Now, we easily get \( \int _{0}^{\infty } x^n \exp \left ( -a^2 x^2 \right ) dx = \int _{0}^{\infty } \frac {t^{\frac {n}{2}}} {a^n} \frac {e^{-t} }{2 a \sqrt { t }}dt = \frac {1}{ 2 a^{n+1} } \int _{0}^{\infty } t^{\frac {n-1}{2}}\)\(e^{-t}dt\), i.e.,

$$\displaystyle \begin{aligned} \begin{array}{rcl} \int_{0}^{\infty} x^n \exp\left ( -a^2 x^2 \right ) dx & =&\displaystyle \frac{1}{ 2 a^{n+1} } \varGamma\left(\frac{n+1}{2} \right) . {} \end{array} \end{aligned} $$

(1.A2.21)

Thus, when \(n=2k+1\) and \(k\in \mathbb {J}_{0,\infty }\), we get \(\mathsf {E} \left \{|X|{ }^n \right \} = \int _{-\infty }^{\infty } |x|{ }^{n} f (x) dx = \frac {\sqrt {2}}{\sqrt {\pi \sigma ^2}} \int _{0}^{\infty } x^{2k+1} \exp \left ( - \frac {x^2}{2 \sigma ^2}\right ) dx\), i.e.,

$$\displaystyle \begin{aligned} \begin{array}{rcl} \mathsf{E} \left \{|X|{}^{2k+1} \right \} \ = \ 2^k k! \sqrt{\frac{2}{\pi}} \sigma^{2k+1} , {} \end{array} \end{aligned} $$

(1.A2.22)

which can be expressed also as \(\mathsf {E} \left \{|X|{ }^n \right \} = 2^{\frac {n-1}{2}} \varGamma \left (\frac {n+1}{2} \right ) \sqrt {\frac {2}{\pi }} \sigma ^{n}\) for n an odd number.

Next, consider

$$\displaystyle \begin{aligned} \begin{array}{rcl} \tilde {I}_n (a) & =&\displaystyle 2 \pi \ \int_{-\infty}^{\infty} \varPhi^n(ax) \ \varphi^2(x) \, dx \\ & =&\displaystyle \int_{-\infty}^{\infty} \varPhi^n(ax) \ \exp \left (-x^2 \right ) \, dx {} \end{array} \end{aligned} $$

(1.A2.23)

for \(n\in \mathbb {J}_{0,\infty }\).
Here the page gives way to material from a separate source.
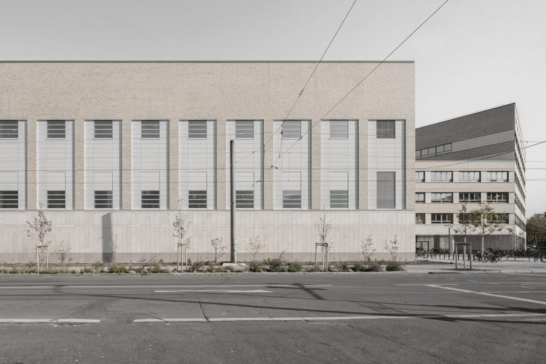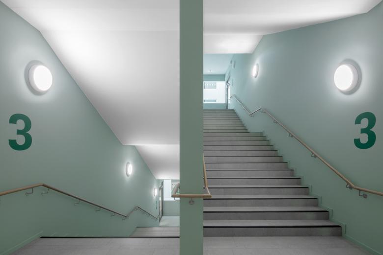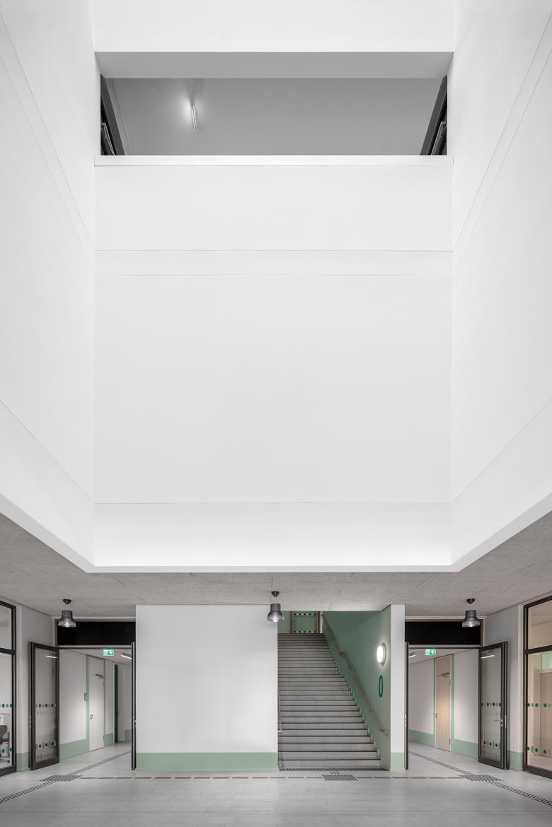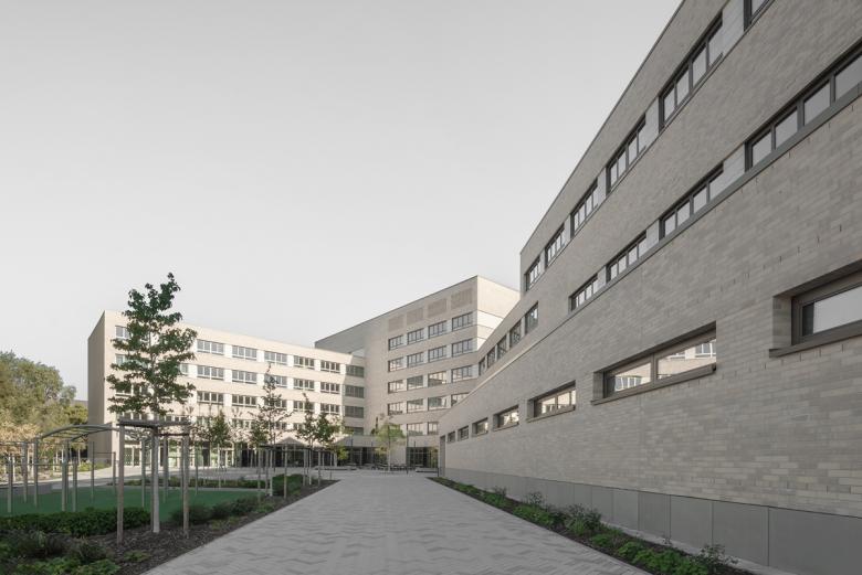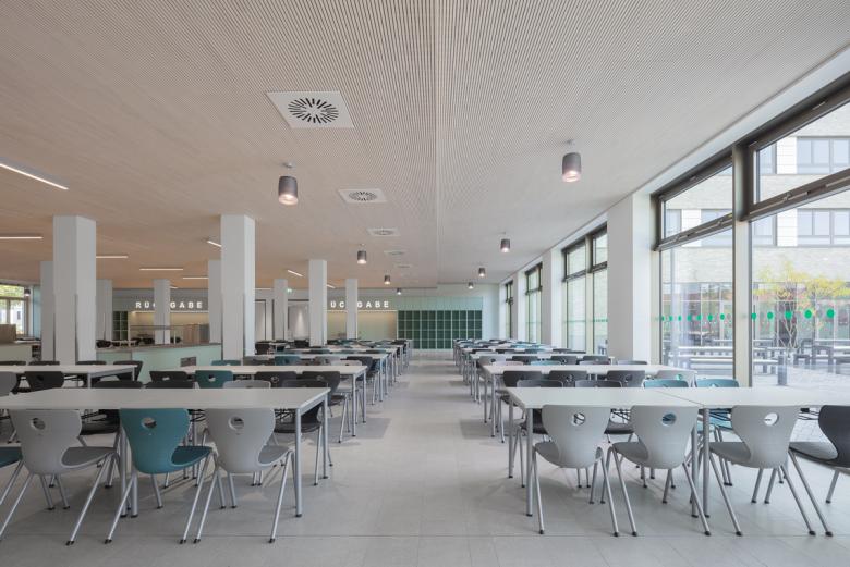 Die Architektur des Schulgebäudes folgt der funktionalen Gliederung des Inneren. Das Erdgeschoss beherbergt öffentliche Bereiche wie Foyer, Bibliothek, Mensa und Aula, die über großzügige Verglasungen eine Verbindung zum Stadtraum herstellen. In den Obergeschossen sind die Unterrichts- und Fachräume um zentrale Flurzonen angeordnet, die als offene Lernlandschaften gestaltet sind. Die Erschließung erfolgt über eine Scherentreppe, die zusammen mit den angrenzenden Lufträumen eine natürliche Belichtung über mehrere Etagen ermöglicht. Über ein zentrales Oberlicht wird Tageslicht in alle Etagen gelenkt, was die offene und kommunikative Atmosphäre im Gebäude unterstützt.

Letting \(n=0\) in (1.A2.23), we have

$$\displaystyle \begin{aligned} \begin{array}{rcl} \tilde {I}_0 (a) \ = \ \sqrt{\pi} {} \end{array} \end{aligned} $$

(1.A2.24)

using (1.A2.16), and letting \(a=0\) in (1.A2.23), we have

$$\displaystyle \begin{aligned} \begin{array}{rcl} \tilde {I}_n (0) \ = \ \frac { \sqrt{\pi} }{ 2^{n} } . {} \end{array} \end{aligned} $$

(1.A2.25)

For \(m \in \mathbb {J}_{0,\infty }\), we have

$$\displaystyle \begin{aligned} \begin{array}{rcl} \int_{-\infty}^{\infty} \left \{ \varPhi(ax) - \frac{1}{2} \right \}^{2m+1} \ \exp \left (-x^2 \right ) \, dx \ = \ 0 {} \end{array} \end{aligned} $$

(1.A2.26)

because \((2m+1)\) is an odd number, \(\varPhi (ax) - \frac {1}{2} \) is an odd symmetric function of x, and \(\exp \left (-x^2 \right )\) is an even symmetric function of x. From (1.A2.23) and \(\left \{ \varPhi (ax) - \frac {1}{2} \right \}^{2m+1}= \sum \limits _{i=0}^{2m+1} \left ( - \frac {1}{2} \right )^i \, _{2m+1}\mbox{C}_{i} \varPhi ^{2m+1-i} (ax) \), the result (1.A2.26) can subsequently be expressed as \(\sum \limits _{i=0}^{2m+1} \left ( - \frac {1}{2} \right )^i \, _{2m+1}\mbox{C}_{i}\tilde {I}_{2m+1-i} (a) = 0\) after some steps. This result in turn can be rewritten as

$$\displaystyle \begin{aligned} \begin{array}{rcl} \tilde {I}_{2m+1} (a) \ = \ \sum_{i=1}^{2m+1} 2^{-i}(-1)^{i+1}\, _{2m+1}\mbox{C}_{i} \ \tilde {I}_{2m+1-i} (a) {} \end{array} \end{aligned} $$

(1.A2.27)

for \(m \in \mathbb {J}_{0,\infty }\).

Then, when \(m=0\), we get \(\tilde {I}_1 (a) = \frac {1}{2} \tilde {I}_0 (a)\), i.e.,

$$\displaystyle \begin{aligned} \begin{array}{rcl} \tilde {I}_1 (a) & =&\displaystyle \frac{\sqrt{\pi}}{2} {} \end{array} \end{aligned} $$

(1.A2.28)

from (1.A2.24) and (1.A2.27). Similarly, when \(m=1\), from (1.A2.24), (1.A2.27), and (1.A2.28), we get \(\tilde {I}_3 (a) = \frac {3}{2}\tilde {I}_2 (a) - \frac {3}{4}\tilde {I}_1 (a) + \frac {1}{8}\tilde {I}_0 (a)\), i.e.,

$$\displaystyle \begin{aligned} \begin{array}{rcl} \tilde {I}_3 (a) & =&\displaystyle \frac{3}{2}\tilde {I}_2 (a) - \frac{1}{4}\tilde {I}_0 (a). {} \end{array} \end{aligned} $$

(1.A2.29)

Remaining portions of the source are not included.